12. En deuxième lieu, il ressort des termes mêmes de l'arrêté attaqué, qui mentionne que le requérant n'a fait état d'aucune circonstance justifiant qu'un délai de départ volontaire supérieur à trente jours lui soit accordé, que le préfet a examiné la situation personnelle de M. C. Par suite, le moyen tiré du défaut d'un tel examen doit être écarté.
13. D'une part, contrairement à ce que fait valoir M. C, le préfet de l'Essonne a assorti la décision faisant obligation de quitter le territoire français d'un délai de départ volontaire. D'autre part, compte tenu notamment de ce qui a été dit au point 9, M. C ne fait pas valoir de circonstances de nature à justifier l'octroi d'un délai supérieur à trente jours.
14. En troisième lieu, M. C ne peut se prévaloir à l'encontre de la décision contestée des dispositions de la directive 2008/115/CE du 16 décembre 2008 relative aux normes et procédures communes applicables dans les États membres au retour des ressortissants de pays tiers en séjour irrégulier, dès lors que cette directive a fait l'objet d'une transposition en droit interne. Par suite, ce moyen doit être écarté.
15. En quatrième lieu, les éléments d'appréciation énoncés par les dispositions de l'article L. 612-1 précité ne présentent pas un caractère plus restrictif que ceux prévus par les dispositions de la directive 2008/115/CE du 16 décembre 2008 et ne sont donc pas contraires aux objectifs de cette dernière.

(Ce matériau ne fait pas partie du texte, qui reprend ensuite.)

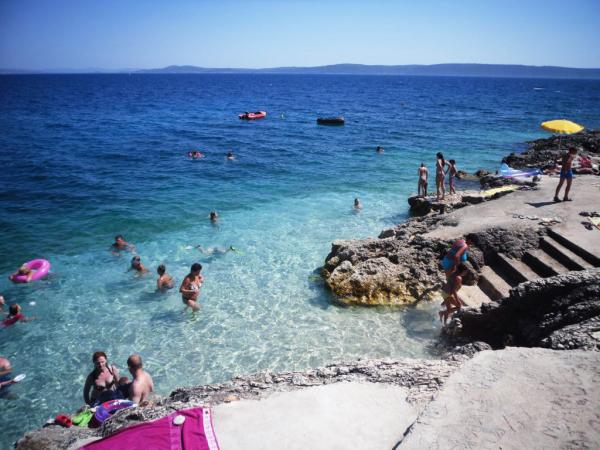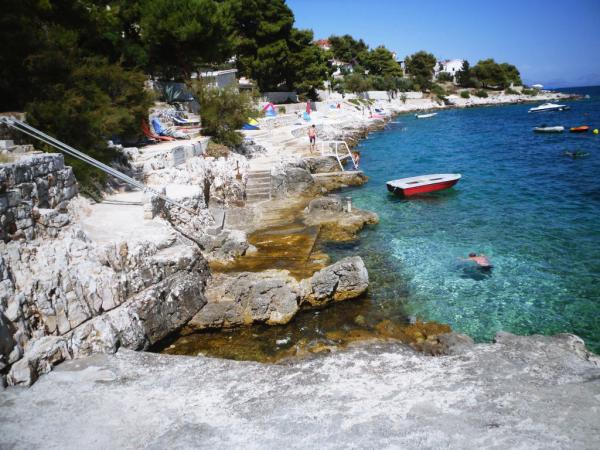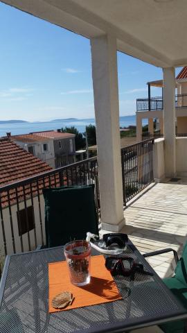 The apartments are located in a family house only 15 m from the beach in the quiet town of Trogir on the peninsula Ciovo only 5 km from Trogir and 10km from Split airport. The property offers 2 air-conditioned apartments with an attractive sea views with private balconies, free parking and separate entrances. Excellent position - second row to the sea on the south side of Ciovo is surrounded by beautiful beaches and crystal clear sea lit by even 2,570 hours of sunshine annually. Apartments also offer in addition to free use of flat wi-fi internet, air conditioning and use of outdoor shower and outdoor fireplace negotiated.

Par suite, le moyen tiré de ce que la décision attaquée a été prise sur le fondement de dispositions législatives incompatibles avec les objectifs de la directive 2008/115/CE du 16 décembre 2008 ne peut qu'être écarté.
16. En cinquième lieu, M. C n'apporte aucun élément probant permettant d'établir que le délai de départ volontaire de trente jours n'était pas approprié à sa situation.
17. Il résulte de ce qui précède que M. C n'est pas fondé à demander l'annulation de l'arrêté du 16 juin 2022 par lequel le préfet de l'Essonne a refusé de renouveler son attestation de demande d'asile, l'a obligé à quitter le territoire français dans un délai de trente jours et a fixé le pays à destination duquel il sera renvoyé en cas d'exécution d'office.
Sur les conclusions à fin d'injonction :
18. Le présent jugement qui rejette les conclusions à fin d'annulation présentées par M. C n'appelle aucune mesure d'exécution. Dès lors, les conclusions à fin d'injonction présentées par le requérant ne peuvent qu'être rejetées.
D E C I D E :
Article 1er : La requête de M. C est rejetée.
Article 2 : Le présent jugement sera notifié à M. A C et au préfet de l'Essonne.
Rendu public par mise à disposition au greffe le 8 août 2022.
La magistrate désignée,
signé
S. FLa greffière,
signé
E. Amegee
La République mande et ordonne au préfet de l'Essonne en ce qui le concerne ou à tous commissaires de justice à ce requis en ce qui concerne les voies de droit commun, contre les parties privées, de pourvoir à l'exécution de la présente décision.